-- What you should do --
In the entries below, find the line with "Liewood Lewis Animal-print" and the line with "Immunoprecipitation: Tyrosine-phosphorylated form"; copy them and every line between them exactly, but not the pictures.

-- Exercise data --
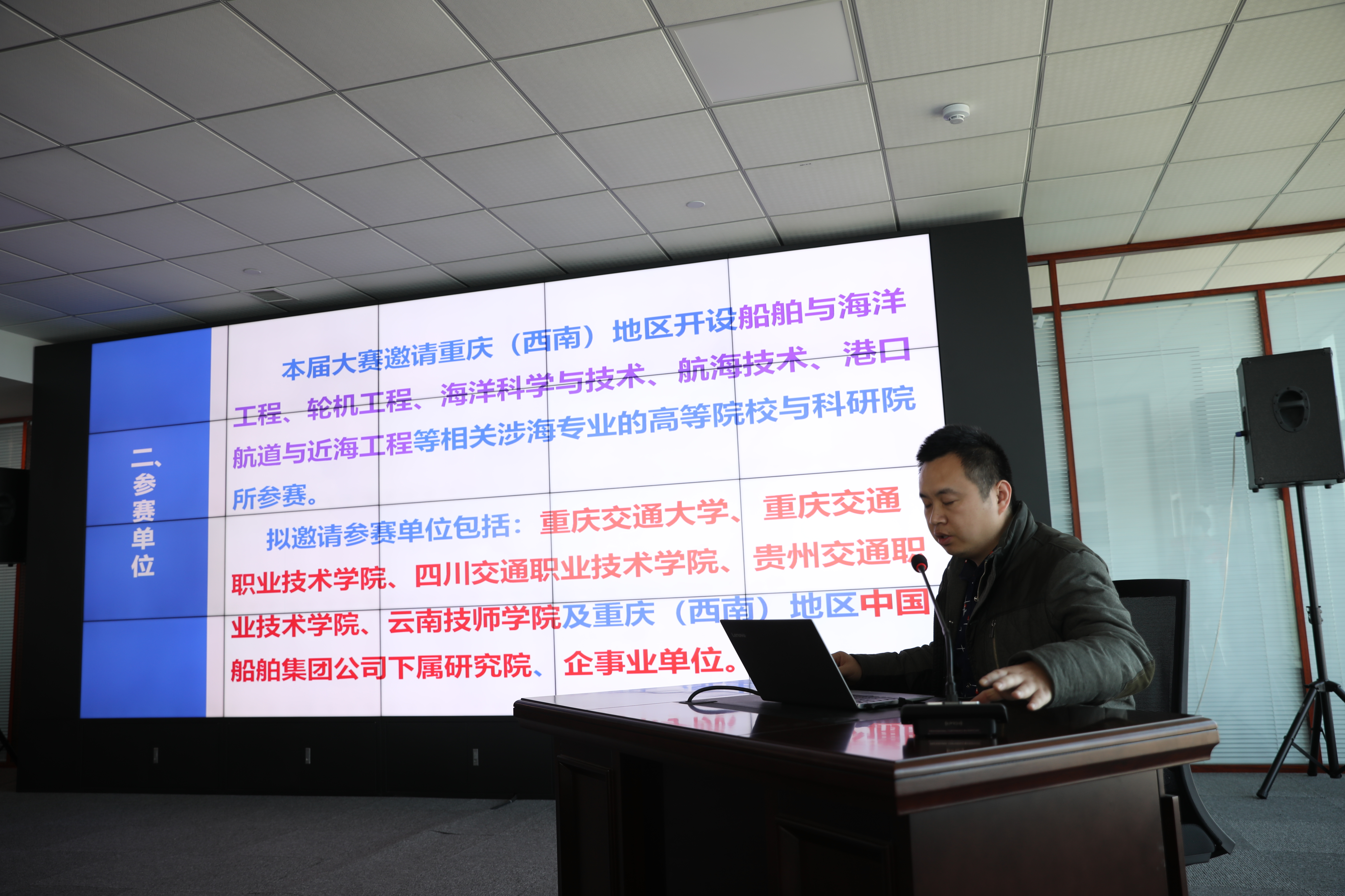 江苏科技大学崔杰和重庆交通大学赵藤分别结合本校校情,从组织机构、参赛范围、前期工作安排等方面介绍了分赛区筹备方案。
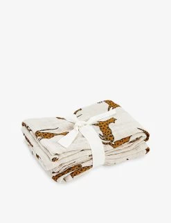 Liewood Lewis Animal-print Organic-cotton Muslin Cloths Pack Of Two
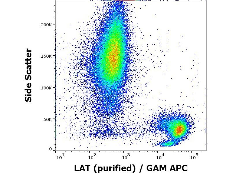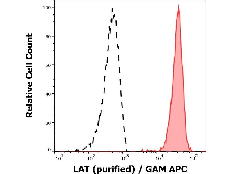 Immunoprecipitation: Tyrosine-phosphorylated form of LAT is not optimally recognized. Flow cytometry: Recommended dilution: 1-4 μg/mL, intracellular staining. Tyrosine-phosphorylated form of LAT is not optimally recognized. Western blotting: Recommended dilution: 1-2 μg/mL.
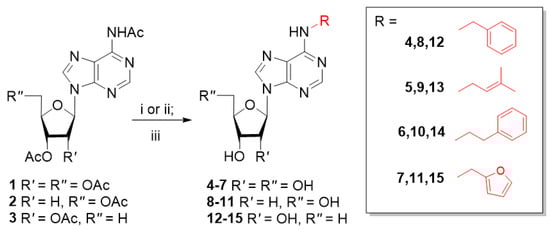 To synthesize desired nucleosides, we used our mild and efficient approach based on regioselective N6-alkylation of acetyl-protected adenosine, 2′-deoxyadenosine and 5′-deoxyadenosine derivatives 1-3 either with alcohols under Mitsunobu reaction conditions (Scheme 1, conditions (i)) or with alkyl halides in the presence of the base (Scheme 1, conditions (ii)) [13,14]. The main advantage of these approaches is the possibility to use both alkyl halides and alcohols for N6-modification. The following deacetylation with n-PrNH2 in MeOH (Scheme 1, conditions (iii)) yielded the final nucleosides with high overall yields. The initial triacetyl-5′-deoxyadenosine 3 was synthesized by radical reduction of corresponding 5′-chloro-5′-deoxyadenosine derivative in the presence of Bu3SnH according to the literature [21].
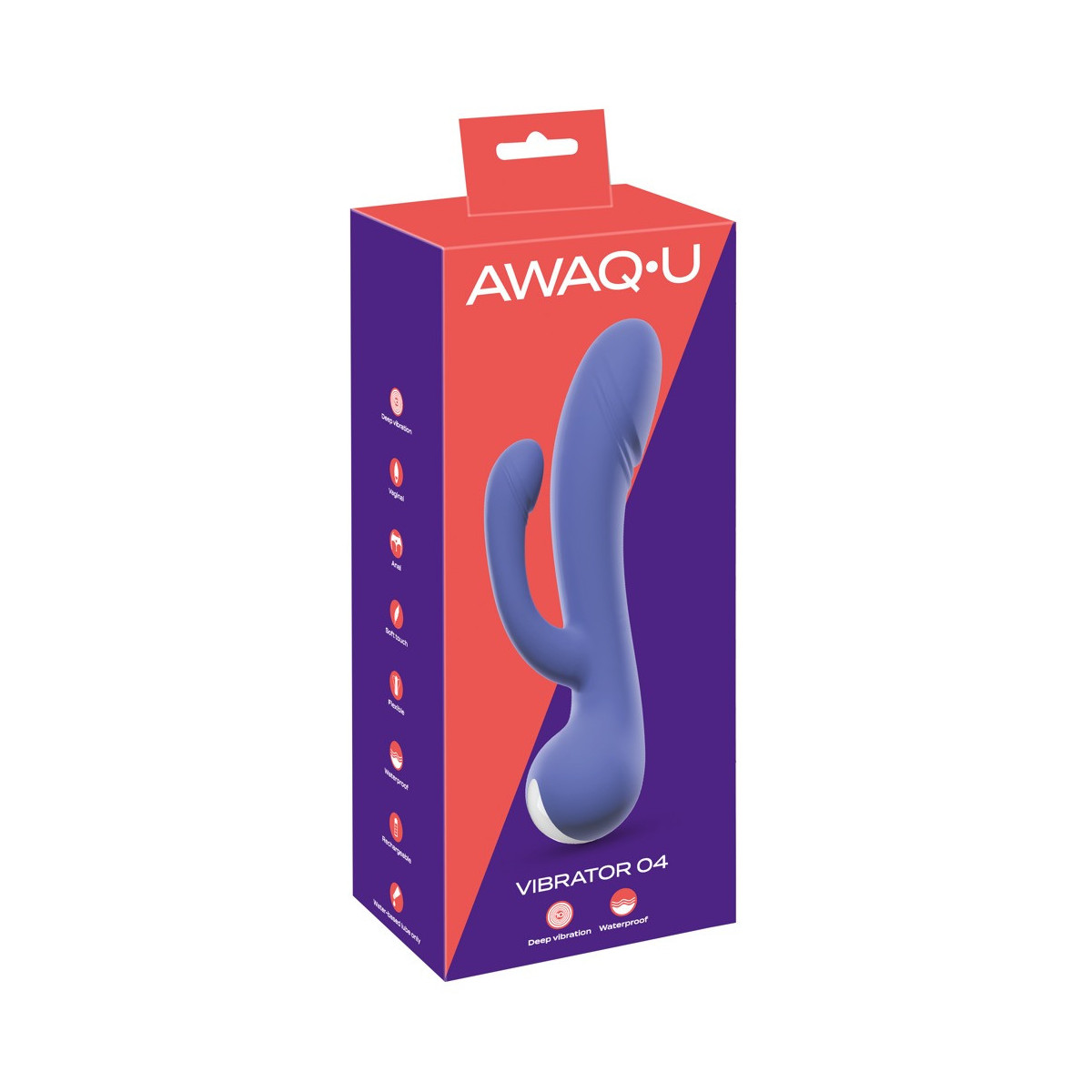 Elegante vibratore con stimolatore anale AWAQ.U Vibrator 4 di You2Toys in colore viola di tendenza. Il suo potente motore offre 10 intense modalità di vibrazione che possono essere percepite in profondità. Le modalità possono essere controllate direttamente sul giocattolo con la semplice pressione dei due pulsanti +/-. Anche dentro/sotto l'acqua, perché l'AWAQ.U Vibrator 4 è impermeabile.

* * *

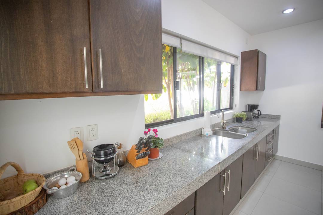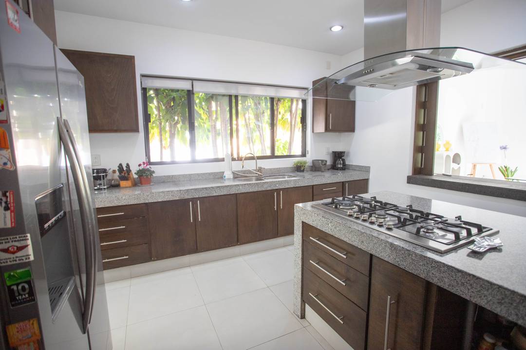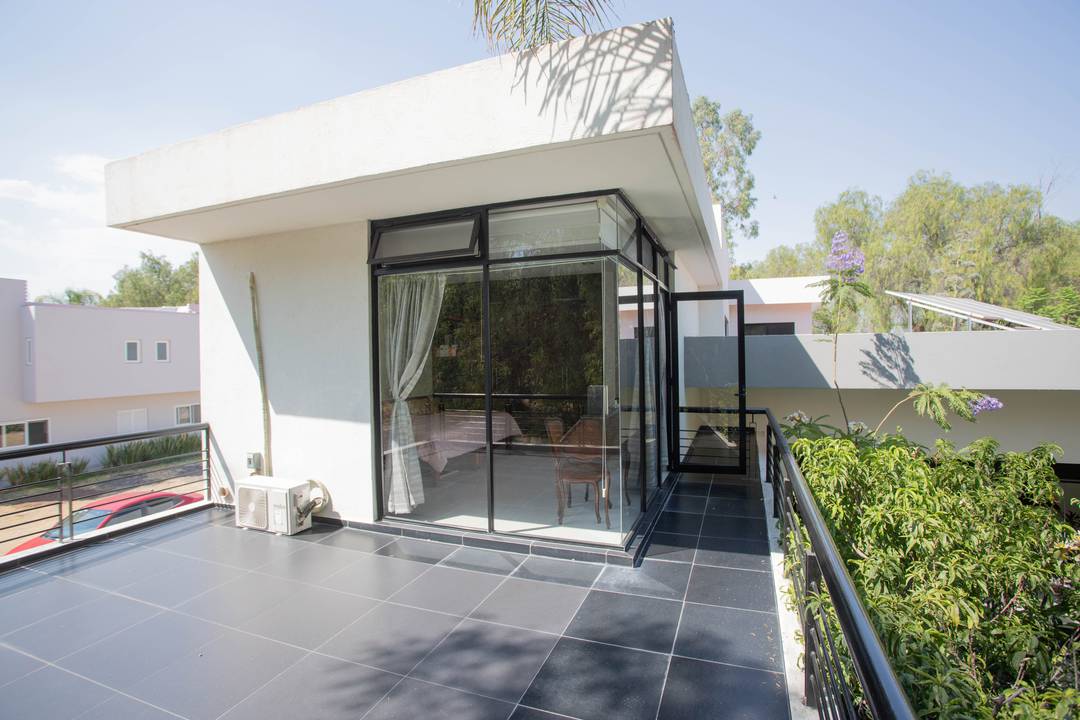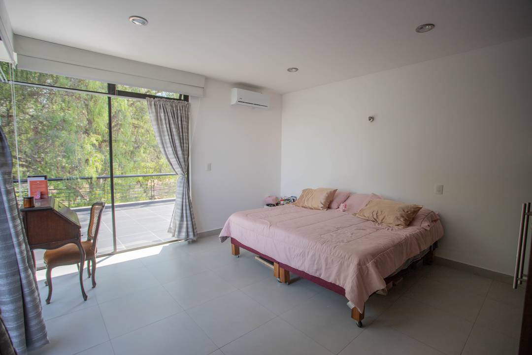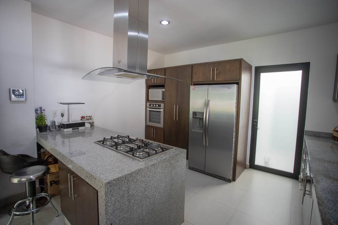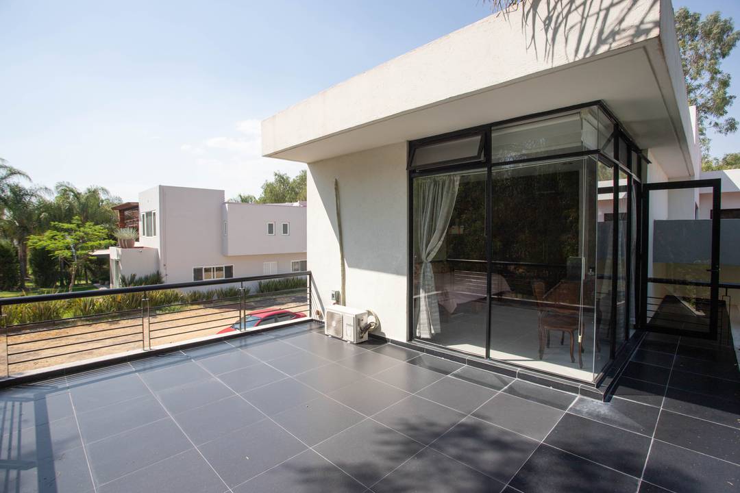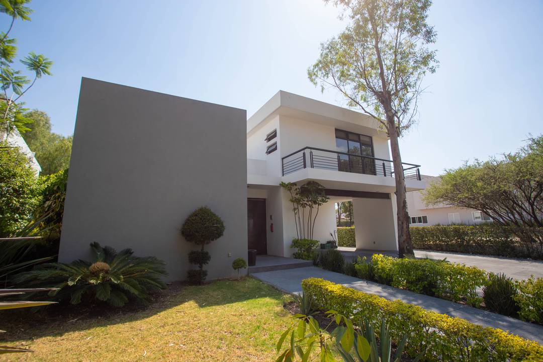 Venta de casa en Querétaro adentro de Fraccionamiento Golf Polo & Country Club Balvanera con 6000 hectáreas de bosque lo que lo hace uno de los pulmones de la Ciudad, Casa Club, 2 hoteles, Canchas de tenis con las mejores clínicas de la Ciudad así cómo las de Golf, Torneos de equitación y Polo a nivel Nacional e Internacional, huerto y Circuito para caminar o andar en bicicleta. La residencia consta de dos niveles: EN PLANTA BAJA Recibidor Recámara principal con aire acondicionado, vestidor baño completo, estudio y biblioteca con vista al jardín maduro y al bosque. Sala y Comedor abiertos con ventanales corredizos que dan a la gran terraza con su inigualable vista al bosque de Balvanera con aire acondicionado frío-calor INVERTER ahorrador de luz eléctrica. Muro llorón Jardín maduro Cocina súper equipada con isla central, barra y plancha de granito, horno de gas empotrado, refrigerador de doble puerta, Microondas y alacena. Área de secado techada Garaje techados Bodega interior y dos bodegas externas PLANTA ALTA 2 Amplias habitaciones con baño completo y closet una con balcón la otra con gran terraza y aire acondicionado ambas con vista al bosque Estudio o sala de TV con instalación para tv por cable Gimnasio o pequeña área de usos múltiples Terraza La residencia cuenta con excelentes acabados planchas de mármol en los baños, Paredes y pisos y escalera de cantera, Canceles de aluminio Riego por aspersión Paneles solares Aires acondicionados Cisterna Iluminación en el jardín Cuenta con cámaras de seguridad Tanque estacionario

-- The answer --
 Liewood Lewis Animal-print Organic-cotton Muslin Cloths Pack Of Two
 Immunoprecipitation: Tyrosine-phosphorylated form of LAT is not optimally recognized. Flow cytometry: Recommended dilution: 1-4 μg/mL, intracellular staining. Tyrosine-phosphorylated form of LAT is not optimally recognized. Western blotting: Recommended dilution: 1-2 μg/mL.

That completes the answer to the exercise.